Immunoprecipitation and Western Blot

For co-immunoprecipitation of endogenous Brk and SOCS3, T47D cells were lysed (400 mm NaCl, 50 mm Tris-pH 7.5, 5 mm EDTA, 0.5% Nonidet P-40, 10% glycerol), and 4 mg proteins were reacted overnight at 4 °C with either 2 μg of control rabbit IgG (Santa Cruz Biotechnology SC-2027) or rabbit anti-Brk antibody (Santa Cruz Biotechnology SC-1188). Immunocomplexes were collected on protein G agarose (Invitrogen), separated by SDS-PAGE and analyzed by Western blot with murine anti-SOCS3 antibody (Santa Cruz Biotechnology SC-51669) and murine anti-Brk (Santa Cruz Biotechnology SC-66003). Cells transfected with indicated plasmids were lysed (50 mm Tris·Cl pH8.0, 280 mm NaCl, 5 mm EDTA, and 0.5% Nonidet P-40) and 500 μg proteins were incubated with 1 μg of rabbit anti-SOCS3 antibody or control rabbit IgG (H103, Santa Cruz Biotechnology) at 4 °C for 3 h. Immunocomplexes were collected with protein G beads and analyzed by Western blot. Images were captured with enhanced chemiluminescence system and x-ray film, and presented with Adobe Photoshop. Primary antibodies used for Western blot included anti-phosphotyrosine STAT3 (B7, Santa Cruz Biotechnology), anti-STAT3 (H190, Santa Cruz Biotechnology), anti-Brk (C18, Santa Cruz Biotechnology), anti-c-Myc (9E10, Santa Cruz Biotechnology) anti-GFP (Roche), anti-V5 (Invitrogen), anti-Flag (M2, Sigma) and anti-α-tubulin (Sigma).

His-ubiquitination Assay

Cells were co-transfected with His-Ub, TO/Brk-myc, and pcDNA6/TR (Invitrogen) with or without Flag-SOCS3 or SOCS3 dlbox (1–185 a.a.) for 24 h and then treated with doxycycline with or without MG132 for 24 h. Cells were harvested and total histidine-tagged proteins were purified on nickel charged resins (Ni-NTA-agarose beads, Qiagen) (34). Myc-tagged Brk proteins were detected by Western blot with anti-c-Myc antibody. Images were captured with enhanced chemiluminescence system and x-ray film, and presented with Adobe Photoshop.

RESULTS

Association of Endogenous Brk and SOCS3

Previously we demonstrated the ability of ectopic expression of SOCS3 to inhibit Brk phosphorylation of STAT3 on tyrosine 705 (15). This result suggested SOCS3 could bind Brk and inhibit its tyrosine kinase activity. To evaluate protein interactions of endogenous proteins, we tested Brk and SOCS3 association by co-immunoprecipitation from T47D cells, a breast tumor cell line that expresses Brk. Brk was immunoprecipitated from cell lysates, and immunocomplexes were analyzed by Western blot with antibody to SOCS3 (Fig. 1A). Immunocomplexes with antibody to Brk clearly detected associated SOCS3 protein. This result indicates an association of endogenous SOCS3 with Brk in vivo.

FIGURE 1.

FIGURE 1.

A, co-immunoprecipiation of endogenous SOCS3 and Brk. T47D breast cancer cell lysates were immunoprecipitated (IP) with control rabbit immunoglobulin (cIg) or rabbit anti-Brk. Western blots (WB) were performed with murine antibody to SOCS3 or Brk. Molecular mass markers are shown adjacent to 20% input. B, induction of endogenous SOCS3 mRNA with Brk expression. Hep3B cells were transfected with tetracycline-inducible Brk and tetracycline repressor for 24 h and treated with doxycycline for 4, 6, 8, 12, and 24 h. Total RNA was prepared and endogenous SOCS3 mRNA was detected by RT-PCR using specific primers. GAPDH mRNA was amplified as internal control. Brk expression was assayed from cell lysates by SDS-PAGE and Western blot (WB) with specific c-Myc (Brk tag) antibodies (bottom panel).

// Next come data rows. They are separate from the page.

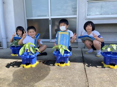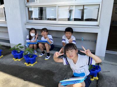 生活科の「ぐんぐんそだて、おいしいやさい」の学習の中で、自分の鉢でピーマンを、学級園でトマト、なす、おくらを育てています!
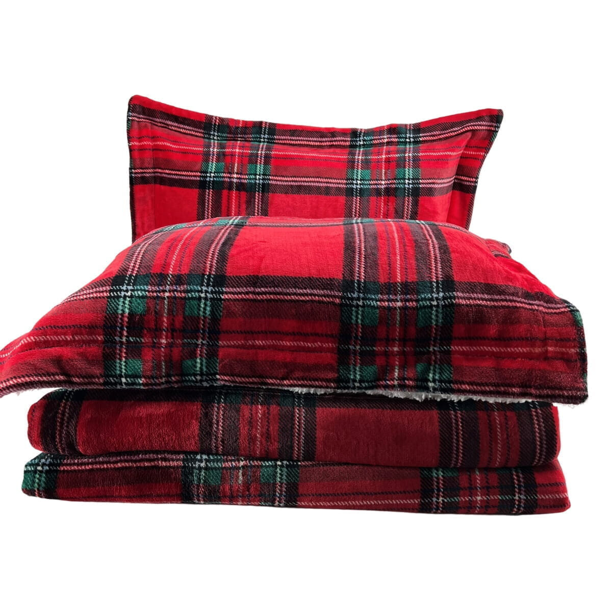 Плед-покрывало Evergreen – это идеальное решение для тех, кто хочет создать комфорт и уют в своем доме. Размер покрывала 160х220 см позволяет разместить его на 1,5 спальной кровати или диване и использовать как для взрослых, так и для детей. В комплекте идет одна наволочка размером 50х70 см с 5-сантиметровым кантом по периметру. Покрывало Evergreen не только функционально, но и эстетично. Оно имеет две стороны – одна выполнена из мягкого велюра, а другая – из искусственного меха. Верхняя часть покрывала и наволочек имеет яркий принт в клетку, благодаря чему этот текстиль для спальни может стать ярким акцентом в комнате и привлечь внимание к этому элементу декора. В то же время, внутренняя часть выполнена в белом цвете, который напоминает мягкую плюшевую игрушку. Вы сможете варьировать стороны, чтобы выбрать стиль, который подходит к вашему интерьеру и настроению.Двусторонний плед изготовлен из высококачественного полиэстера, что обеспечивает мягкость и нежную фактуру. Зимний плед очень толстый и теплый, он приятен на ощупь и может использоваться в качестве одеяла. Спать под таким покрывалом – одно удовольствие благодаря его приятной плюшевой текстуре. Вы можете использовать этот плед для создания тепла и уюта в холодную зимнюю ночь в доме или на даче, для комфортного отдыха на диване вечером или для создания расслабляющей атмосферы в спальне. Он также может стать отличным подарком для близких и друзей.Пушистое покрывало упаковано в большую тканевую сумку на молнии, внутри которой оно находится в запаянном пакете. Такой способ упаковки и хранения позволяет защитить плюшевый плед от пыли, грязи и других внешних воздействий, сохраняя его в чистоте и безупречном состоянии.
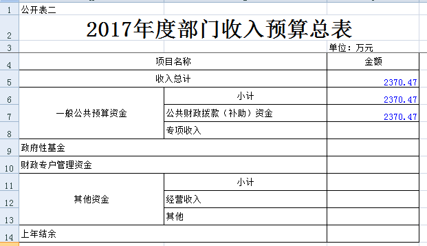 本表反映部门年度总体收入预算情况。填列数应与《2017年度部门收支预算总表》收入数一致。
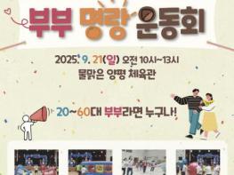 양평군은 오는 21일 오전 10시부터 오후 1시까지 물맑은양평체육관에서 관내 20부터 60대까지 부부 120명을 대상으로 ‘부부 명랑운동회’를 개최한다.이번 행사는 예비부부를 비롯해 중·장년 및 노년 부부
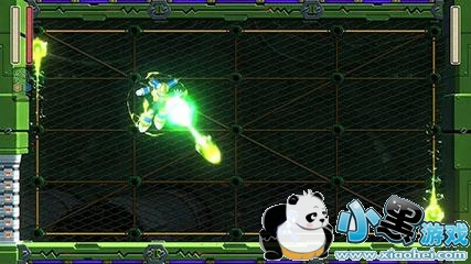 HP一半后发动速度齿轮,这时电流会消失,此时以洛克人为中心,使用Z字形移动冲到天花板(越往上,左右移动幅度越小),然后往洛克人所在落下,会连用5次。对上这招时不要用跳跃,免得撞到他,而且自己也不要乱走,等他冲到天花板后要落下来时再以滑行的方式回避。他会从哪边落下来会先有个残影提示在地上,很方便判别,落地时是最好的反击时机。那如果觉得速度太快,可干脆使用速度齿轮来看清落下位置。
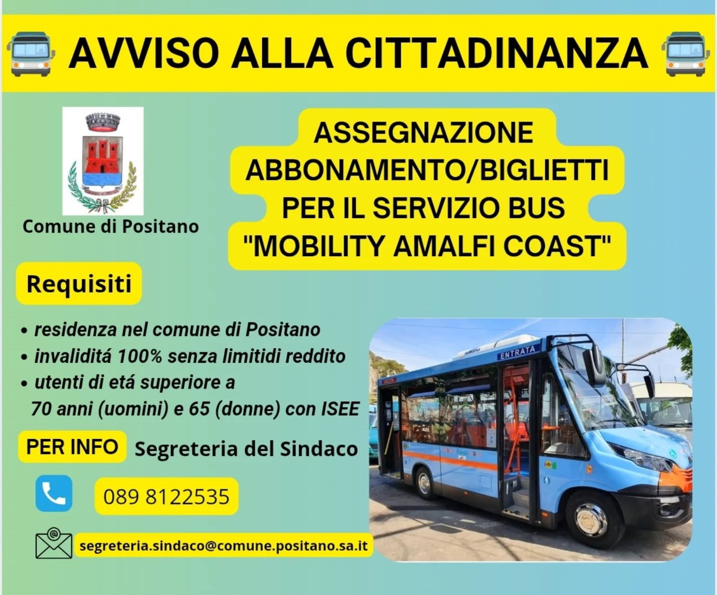 L’Amministrazione Comunale di Positano rinnova anche per quest’anno il servizio gratuito di trasporto urbano dedicato agli anziani meno abbienti e agli invalidi civili al 100%, attraverso la concessione di abbonamenti nominativi per il bus di linea interna "Mobility Amalfi Coast".
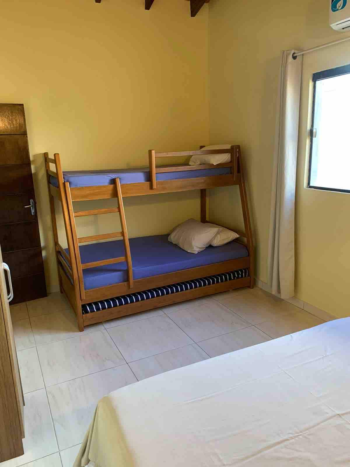 El alojamiento esta compuesto por 6 habitaciones y 9 camas, 4 suites, uno de ellos con baño privado, el resto con baño compartido, todas con a.a., sala comedor con a.a. Cocina, heladera y cubiertos. Las habitaciones son habilitadas de acuerdo a la cantidad de personas reservadas, previo acuerdo con el huésped. Ofrecemos desayuno los días sábados y domingo. Contamos con parrilla, quincho, horno, sabana, almohada, cancha de futbol, volley, piscina, étc. No se aceptan invitados adicionales
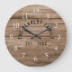 Horloge familiale avec un arrière - plan en bois rustique pour votre décor de cuisine de style ferme. Personnalisez avec le nom de famille et l'année établie pour une horloge murale ferme unique.
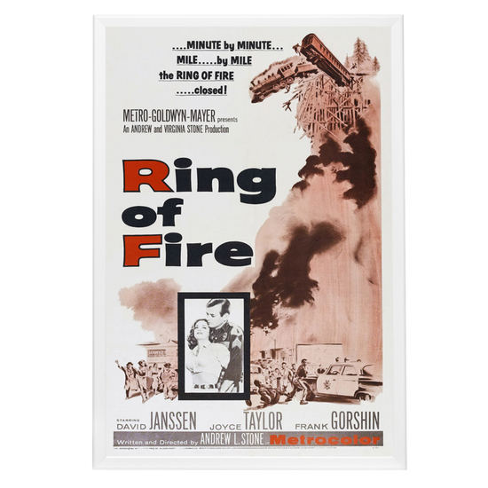 Immerse yourself in the cinematic legacy of "Ring of Fire" with this exquisite, high-quality reprint of the original 1961 movie poster. A visual testament to the dramatic intensity of Andrew L. Stone's groundbreaking film, this poster captures the raw emotion and peril that characterized the movie, setting it apart in the annals of thriller classics. The artwork, featuring the intense gaze of the movie's stars, David Janssen and Joyce Taylor, against a backdrop of roaring flames, is a nod to the suspenseful tale of an Oregon town threatened by a forest fire – an image sure to ignite the interest of film enthusiasts and art collectors alike.
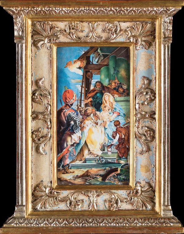 latamente ispirato al dipinto di Paolo Veronese. Firmato in basso a destra: O. Pattini entro cornice in forma di edicola in legno dipinto e dorato

SOCS3 Gene Is Induced in Response to Brk

Biological systems are usually self-limiting. Our observation that SOCS3 could inhibit the action of Brk suggested the SOCS3 gene to be a downstream target and negative regulator of Brk. Enzymatic activity of Brk is constitutive and is coincident with expression of the protein. Since Brk is not induced or activated by a known ligand, we evaluated the effects of its expression with a tetracycline-inducible system. We co-expressed an inducible Brk gene and a gene encoding the tetracycline repressor engineered to be an activator in response to the tetracycline derivative doxycycline. The tetracycline-inducible Brk gene was introduced in cells that lack detectable expression of Brk, and its effects were evaluated on expression of the endogenous SOCS3 gene. Cells were treated with doxycycline, and SOCS3 mRNA levels were evaluated by reverse transcription polymerase chain reaction (RT-PCR) (Fig. 1B). Expression of the Brk gene was readily detected by 4 h following doxycycline, and induction of endogenous SOCS3 mRNA was apparent by 6 h. The data provide clear evidence that endogenous SOCS3 is induced in response to expression of Brk, as would be expected for a limiting negative regulator. The mRNA levels of SOCS3 decreased with time, similar to the transient response seen with IL-6 stimulation (35). The results support the reasoning that Brk activates STAT3 which in turn induces the expression of SOCS3 by binding to a target site in the promoter of the SOCS3 gene (36).

The KIR Domain in SOCS3 Is Required for Inhibition of the Brk Kinase

The exact means by which SOCS3 inhibits IL-6 cytokine signaling appears to be multidimensional involving receptor binding, JAK kinase inhibition, and JAK degradation (37, 38). A recent study demonstrates SOCS3 inhibits JAK2 by a mechanism that does not involve competition for either ATP or substrate binding (27) The SOCS proteins were originally characterized to possess a conserved C-terminal module of about 40 amino acids termed the SOCS box (Fig. 2A). The SOCS box was later found to facilitate binding to an E3 ubiquitin ligase. The SOCS proteins also have a central SH2 domain that is involved in binding to tyrosine-phosphorylated substrates, and an extended region of the SH2 domain that contributes to substrate binding called the extended SH2 domain (ESS). SOCS3 has a PEST domain that signals its rapid protein degradation and may contribute to decreasing levels seen in the Brk inducible expression system (Fig. 1B) (39). The N terminus of the SOCS family is varied, and the SOCS3 protein contains a small kinase inhibitory domain (KIR).

FIGURE 2.

FIGURE 2.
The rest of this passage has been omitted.